TL;DR#
Many real-world datasets are imbalanced or have heavy-tailed distributions, posing challenges for accurate mean estimation while preserving user-level differential privacy. Existing methods like the Winsorized Mean Estimator (WME) suffer from bias and sensitivity issues under such conditions. They often rely on clipping, which introduces bias in heavy-tailed scenarios, and struggle with imbalanced datasets that lead to larger sensitivity and thus increased estimation error.

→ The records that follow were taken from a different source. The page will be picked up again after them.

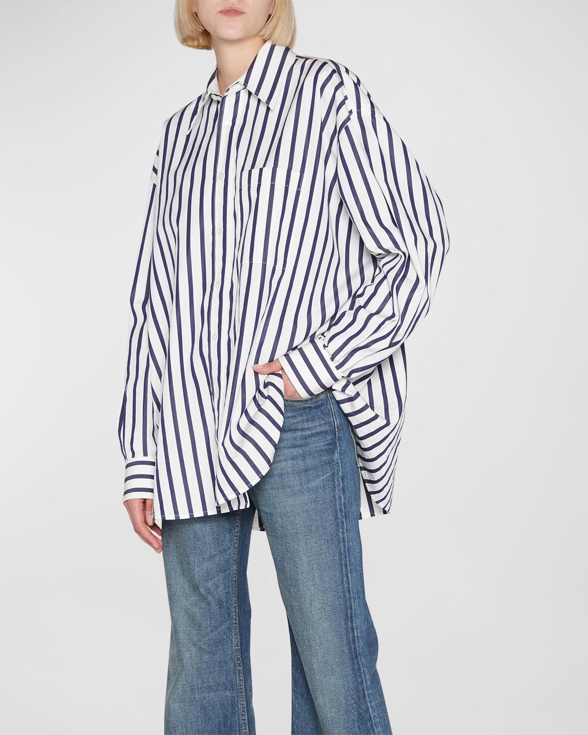 Cut in an oversized silhouette, Bottega Venetas button-front shirt is crafted of poplin and finished with a contrast striped pattern. Shirt collar Drop shoulders Long sleeves with button cuffs Chest patch pockets Button front Back yoke 100% cotton Dry clean Made in Italy SIZE & FIT About 32 from shoulder to hem Model measurements: 510 tall Model is wearing a US size 4 ABOUT THE BRAND Founded in 1966, the label known for fine Italian craftsmanship with creativity at its core has since catapulted to cult-level status. The houses storied intrecciato pattern in shoes and handbags, alongside its signature minimalist ready-to-wear, have made the label an editor and It-girl favorite. Advanced European - Bottega Veneta > Bottega Veneta > Saks Fifth Avenue > Barneys. Bottega Veneta. Color: White Navy. Size: 6.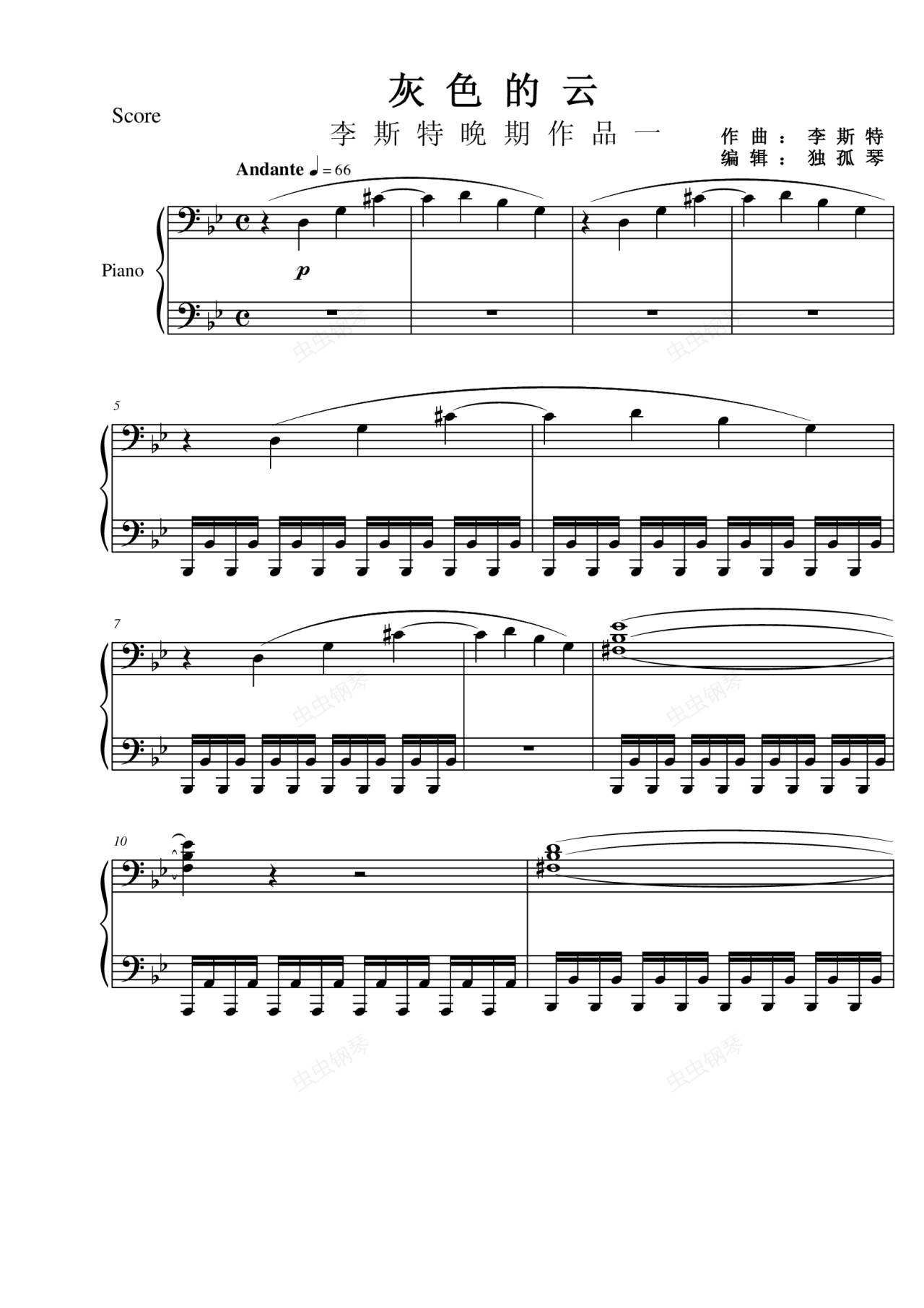 钢琴谱:灰色的云-李斯特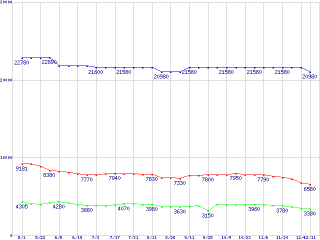 | [↑前グラフ]: | PC2700(DDR333) DDR SDRAM DIMM ECC対応 Registeredタイプの最安値推移 |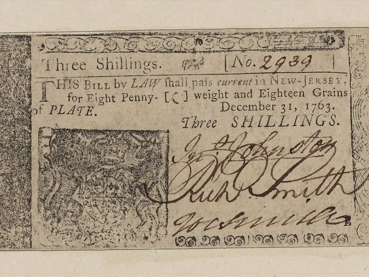 A colonial currency note issued by New Jersey in 1763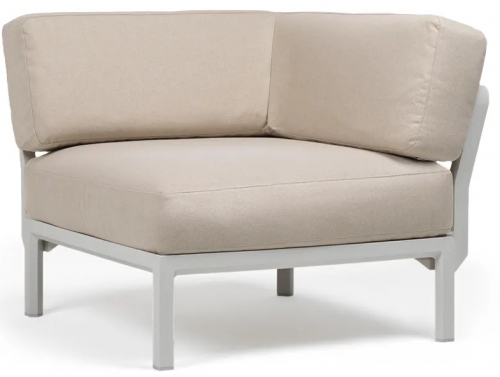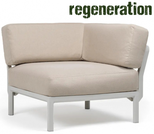 Изысканный, эстетически привлекательный дизайн: чистые и сбалансированные линии развиваются горизонтально, создавая ощущение глубины и длины; структура из переработанного пластика является цельной и прочной, но визуально облегченной за счет модульных треугольных секций и закругленных деталей. Большие объемы, удобное, глубокое сиденье и гибкая, гармоничная модульность.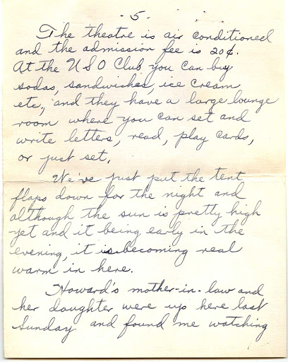 The theatre is air conditioned and the admission fee is 20 cents. At the USO Club you can buy sodas, sandwiches, ice cream etc, and they have a large lounge room where you can set and write letters, read, play cards, or just set.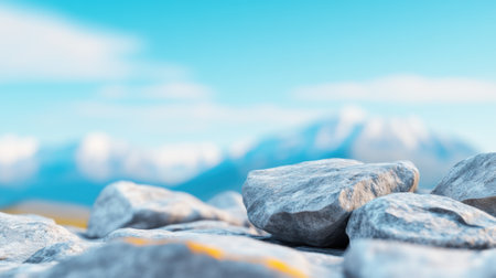 Smooth stones bask under a clear sky with distant mountains in soft focus, AI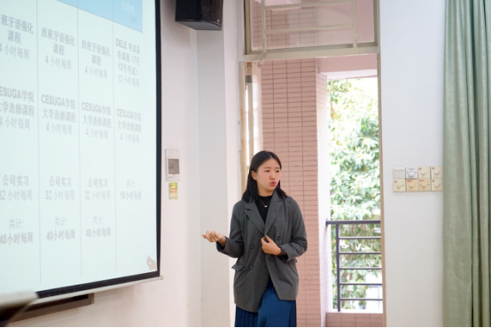 紧接着,李玉婷老师就项目课程及专业的选择、实习项目的介绍、语言环境的塑造以及留学费用作了清晰地说明。不仅如此,李老师还收集了参与留学项目员工的反馈,并带员工们观看了关于圣豪尔赫学校等相关视频,加深了公司员工对这个合作交流项目的了解,为公司员工提供了更有利的选择。

This paper introduces a novel approach using Huber loss minimization to overcome these limitations. Huber loss adapts to the data distribution, reducing bias without relying on clipping. The adaptive weighting scheme addresses the issues caused by sample size imbalances among users. This method demonstrates significantly improved accuracy and robustness in experiments compared to existing methods, especially for challenging datasets. Theoretical analysis provides guarantees on privacy and error bounds.
Key Takeaways#
Why does it matter?#
This paper is crucial for researchers in differential privacy and machine learning, offering a novel approach to mean estimation under user-level differential privacy. Its adaptive strategy for handling imbalanced datasets and heavy-tailed distributions significantly improves the accuracy and robustness of privacy-preserving algorithms. This opens avenues for more reliable federated learning systems and other distributed applications.
Visual Insights#
🔼 This figure shows the convergence of the mean squared error for the Huber loss minimization approach (HLM) and the Winsorized Mean Estimator (WME) methods under different sample sizes (m) and numbers of users (n), for balanced users (i.e., all users have the same number of samples). The results are presented for four different data distributions: uniform, Gaussian, Lomax, and IPUMS datasets (total income and salary). Different dimensionalities (d=1 and d=3) are considered, demonstrating how HLM performs better for heavy-tailed distributions (Lomax and IPUMS).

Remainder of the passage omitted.